Parsing the output of efibootmgr can be helpful in determining which device is a USB device. Tools such as lsblk, blkid, or kernel (/proc) may also be of use. As an example, one can sometimes match up ls -l /dev/disk/by-partuuid with efibootmgr -v.

  1. (ncn# or pit#) Display the current UEFI boot selections.

    efibootmgr
    

    Example output:

    BootCurrent: 0015
    Timeout: 1 seconds
    BootOrder: 000E,000D,0011,0012,0007,0005,0006,0008,0009,0000,0001,0002,000A,000B,000C,0003,0004,000F,0010,0013,0014
    Boot0000* Enter Setup
    Boot0001  Boot Device List
    Boot0002  Network Boot
    Boot0003* Launch EFI Shell
    Boot0004* UEFI HTTPv6: Network 00 at Riser 02 Slot 01
    Boot0005* UEFI HTTPv6: Intel Network 00 at Baseboard
    Boot0006* UEFI HTTPv4: Intel Network 00 at Baseboard
    Boot0007* UEFI IPv4: Intel Network 00 at Baseboard
    Boot0008* UEFI IPv6: Intel Network 00 at Baseboard
    Boot0009* UEFI HTTPv6: Intel Network 01 at Baseboard
    Boot000A* UEFI HTTPv4: Intel Network 01 at Baseboard
    Boot000B* UEFI IPv4: Intel Network 01 at Baseboard
    Boot000C* UEFI IPv6: Intel Network 01 at Baseboard
    Boot000D* UEFI HTTPv4: Network 00 at Riser 02 Slot 01
    Boot000E* UEFI IPv4: Network 00 at Riser 02 Slot 01
    Boot000F* UEFI IPv6: Network 00 at Riser 02 Slot 01
    Boot0010* UEFI HTTPv6: Network 01 at Riser 02 Slot 01
    Boot0011* UEFI HTTPv4: Network 01 at Riser 02 Slot 01
    Boot0012* UEFI IPv4: Network 01 at Riser 02 Slot 01
    Boot0013* UEFI IPv6: Network 01 at Riser 02 Slot 01
    Boot0014* UEFI Samsung Flash Drive 1100
    Boot0015* UEFI Samsung Flash Drive 1100
    Boot0018* UEFI SAMSUNG MZ7LH480HAHQ-00005 S45PNA0M838871
    Boot1001* Enter Setup
    
  2. (ncn# or pit#) Set next boot entry.

    In the example above, the device is 0014 or 0015. An option is to guess it is the first one, and can correct this on-the-fly in POST. Notice the lack of Boot in the ID number given; If wanting to choose Boot0014 in the output above, pass 0014 to efibootmgr:

    efibootmgr -n 0014
    
  3. (ncn# or pit#) Verify that the BootNext device is what was selected.

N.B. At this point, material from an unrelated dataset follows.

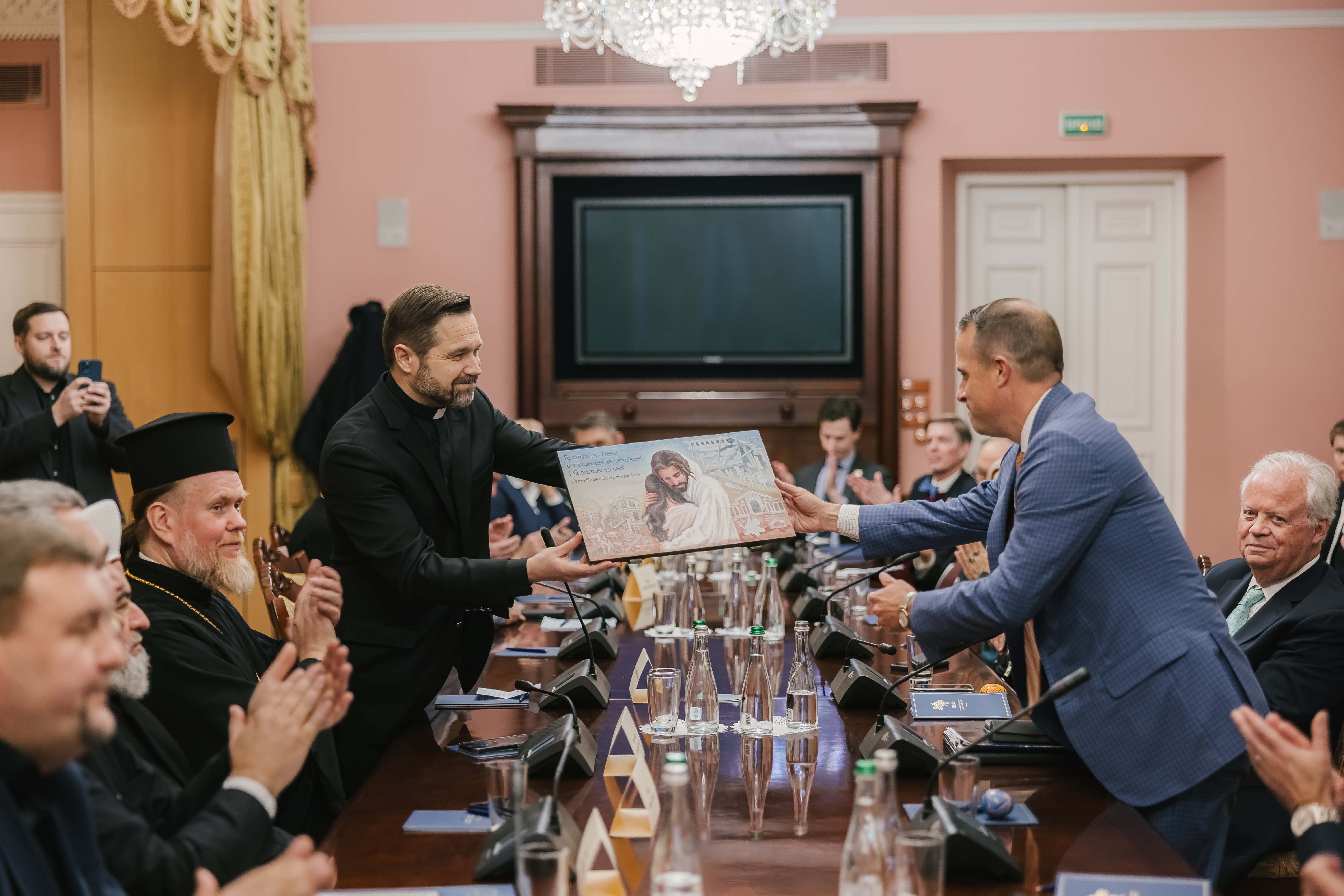 In memory of the meeting, on behalf of the UCCRO, the American delegation was presented with a painting created on boards from ammunition boxes from the Avdiivka area. The artwork depicts a man in the arms of Jesus Christ amidst the ruins resulting from Russian attacks on Ukrainian cities. A Bible verse is written on the painting: “Come to me, all you who are weary and burdened, and I will give you rest” (Matthew 11:28).

    efibootmgr | grep -i bootnext
    

    Example output:

    BootNext: 0014
    
  4. Now the UEFI Samsung Flash Drive will boot next.

    NOTE: There are duplicates in the list. During boot, the EFI boot manager will select the first one. If the first one is false, then it can be deleted with efibootmgr -b 0014 -d.

This is the end of the Locating USB device procedure.